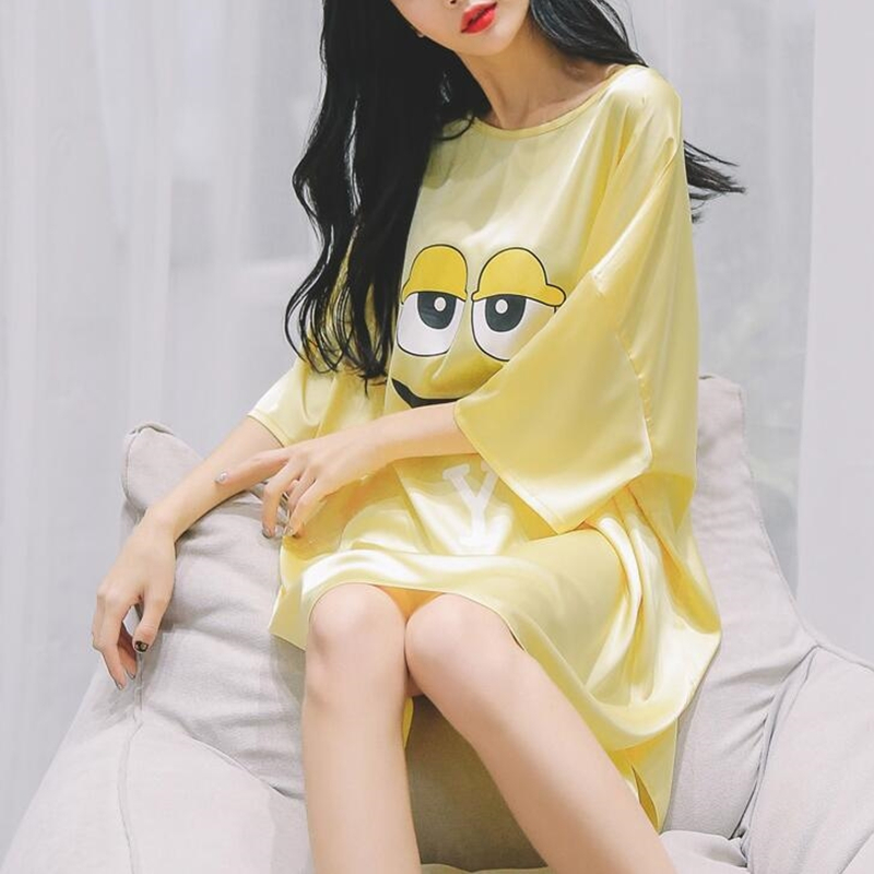 Pregnant woman's pyjamas with long short sleeves T-shirt dress female summer 2021 new net red pops loose and compassionate ice silk sleeping dress-Taobao
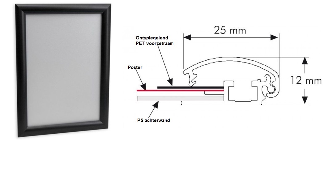 Wissellijst zwart geanodiseerd aluminium, incl. anti-reflex PVC-folie.
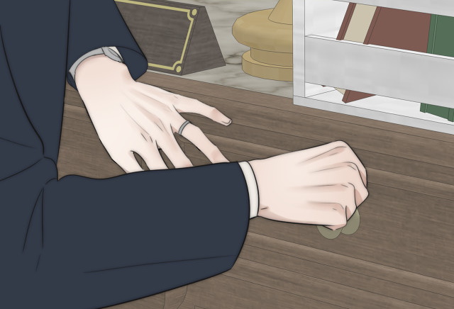 She searches through the papers on top of Zhou Heng’s desk, but to no avail. Then she catches sight of a trophy on the top shelf of one of the bookcases. She takes down the trophy, and finds a set of keys inside it. Found it!
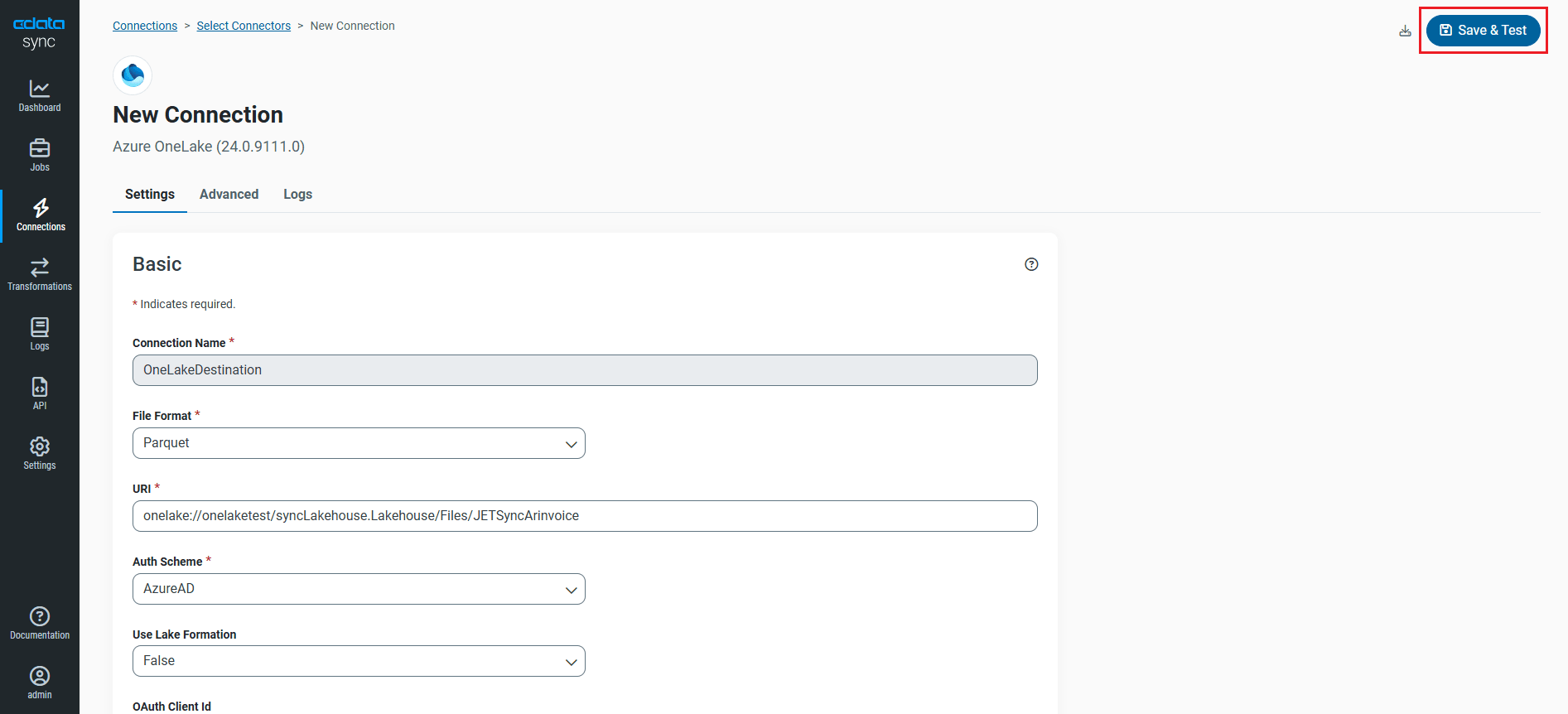 これで OneLake に接続され、データソースとしても同期先としても使用できるようになりました。
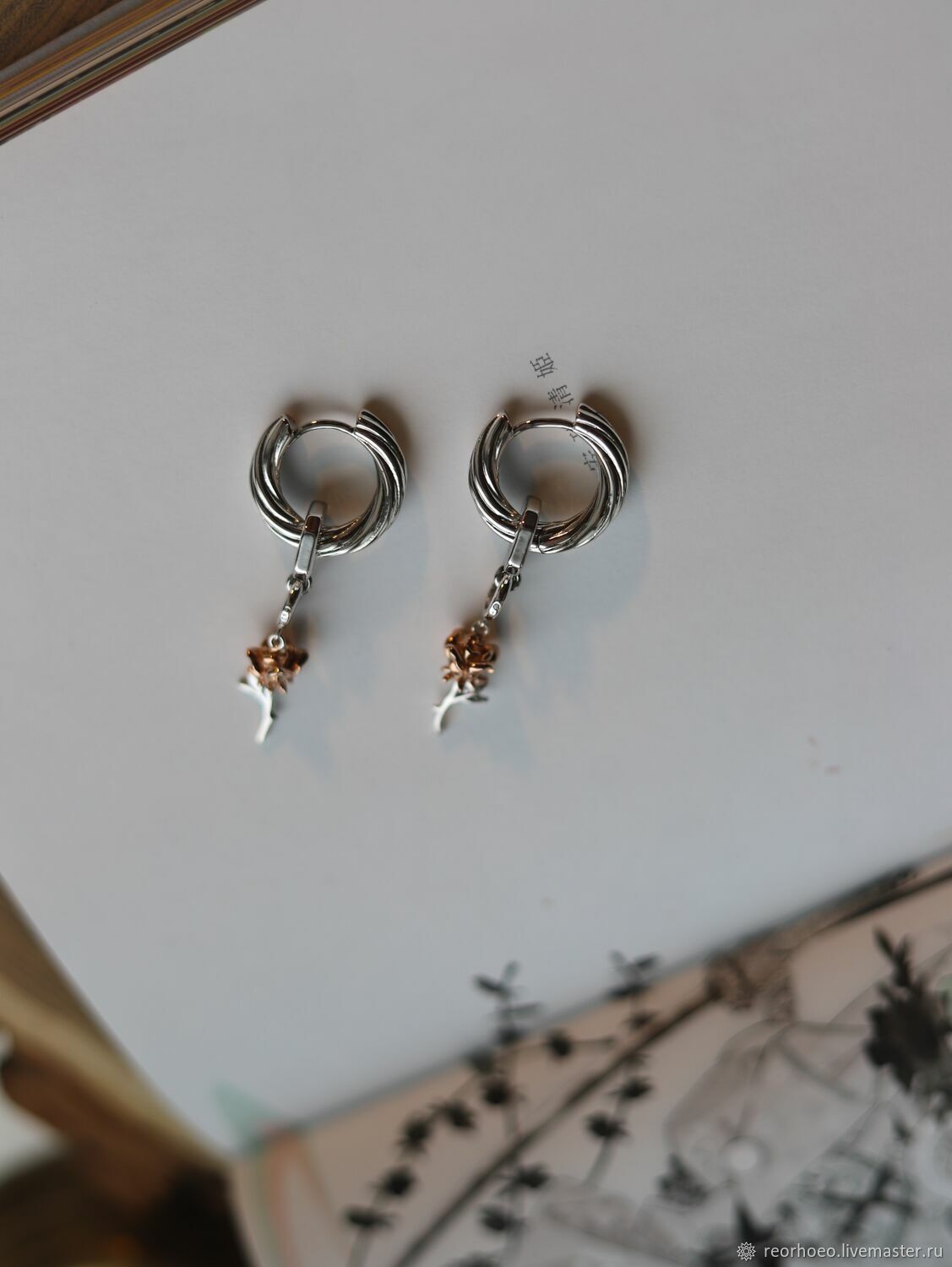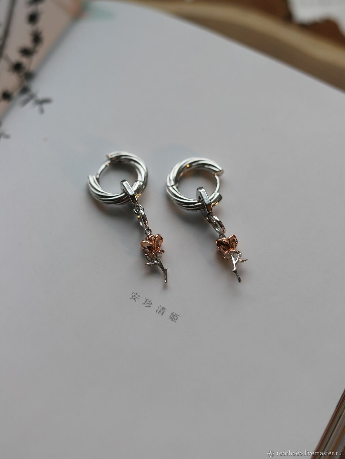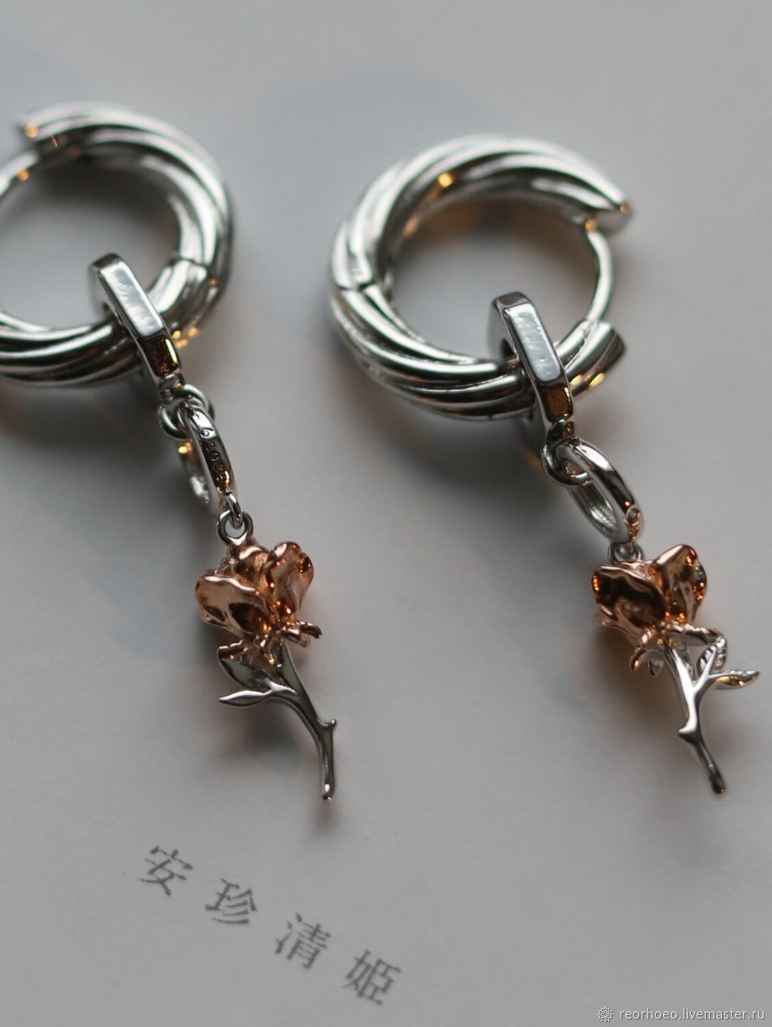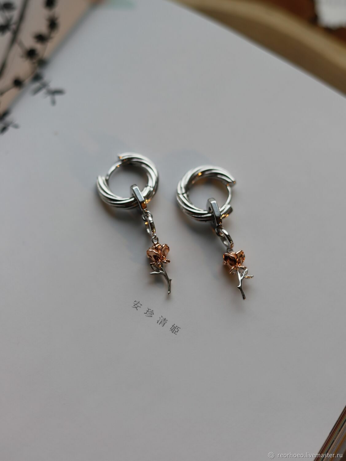 Со съёмными серебряными подвесками в виде утонченных роз, бутоны которых покрыты розовым золотом.
————
▸ TASK ITEM
Reproduce the data above exactly, but only the lines from the one showing "Wissellijst zwart geanodiseerd" through the one showing "She searches through", with both ends kept and the pictures left out.

▸ EXPECTED OUTPUT
 Wissellijst zwart geanodiseerd aluminium, incl. anti-reflex PVC-folie.
 She searches through the papers on top of Zhou Heng’s desk, but to no avail. Then she catches sight of a trophy on the top shelf of one of the bookcases. She takes down the trophy, and finds a set of keys inside it. Found it!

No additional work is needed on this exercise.